* Work to complete *
Retype the data below exactly; skip every image.

* Dataset content *

=-=-=

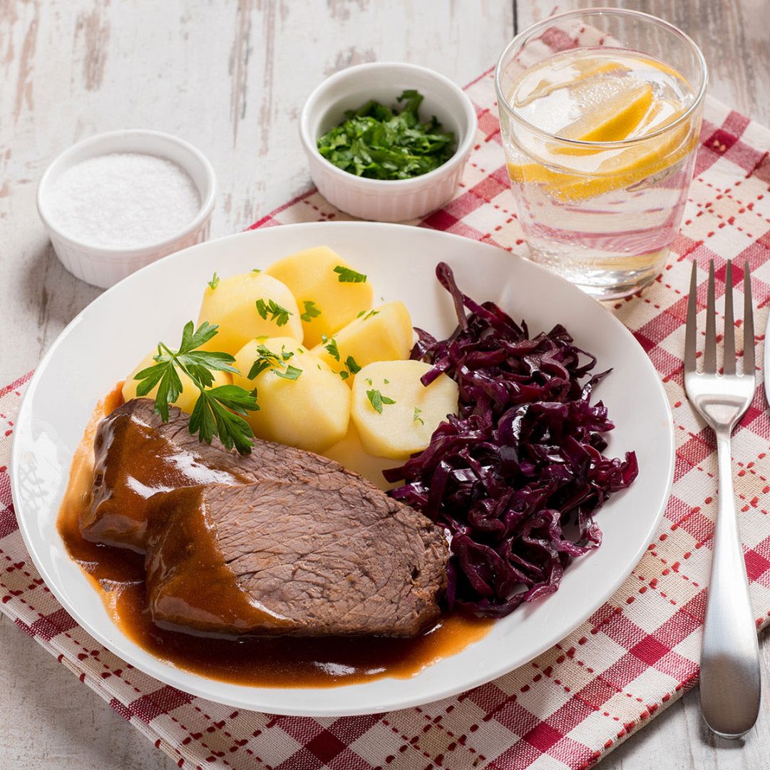 Trim excess fat from roast. Set beef in a deep flat bowl or pot just large enough to hold it comfortably. Pour marinade over the top. Add more wine if marinade is not halfway up the sides of the meat. Turn meat to moisten all sides. Cover pan tightly with foil or cling wrap. Refrigerate for 2 – 3 days. Be sure to turn the meat over at least twice a day.
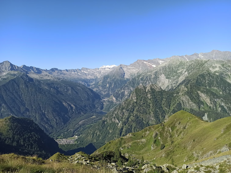 Siamo quasi imbarazzati dal poter camminare rilassati e vedendo dove mettiamo i piedi. Teniamo la destra (ovest) e raggiungiamo i ruderi degli Alpi di Ro Superiori. Risaliamo per meno di cento metri e chiudiamo l’anello odierno a Cavallo di Ro (poco più di un’ora dalla pausa pranzo). Un’ora di tranquilla discesa ci riporta a Cheggio. Una birra fresca al Rifugio Città di Novara chiude in bellezza la faticosa e calda giornata.
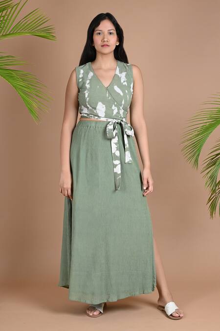 Olive green cropped wrap top with shibori dye detailing. Paired with side slit skirt.

=-=-=

* Reply *
 Trim excess fat from roast. Set beef in a deep flat bowl or pot just large enough to hold it comfortably. Pour marinade over the top. Add more wine if marinade is not halfway up the sides of the meat. Turn meat to moisten all sides. Cover pan tightly with foil or cling wrap. Refrigerate for 2 – 3 days. Be sure to turn the meat over at least twice a day.
 Siamo quasi imbarazzati dal poter camminare rilassati e vedendo dove mettiamo i piedi. Teniamo la destra (ovest) e raggiungiamo i ruderi degli Alpi di Ro Superiori. Risaliamo per meno di cento metri e chiudiamo l’anello odierno a Cavallo di Ro (poco più di un’ora dalla pausa pranzo). Un’ora di tranquilla discesa ci riporta a Cheggio. Una birra fresca al Rifugio Città di Novara chiude in bellezza la faticosa e calda giornata.
 Olive green cropped wrap top with shibori dye detailing. Paired with side slit skirt.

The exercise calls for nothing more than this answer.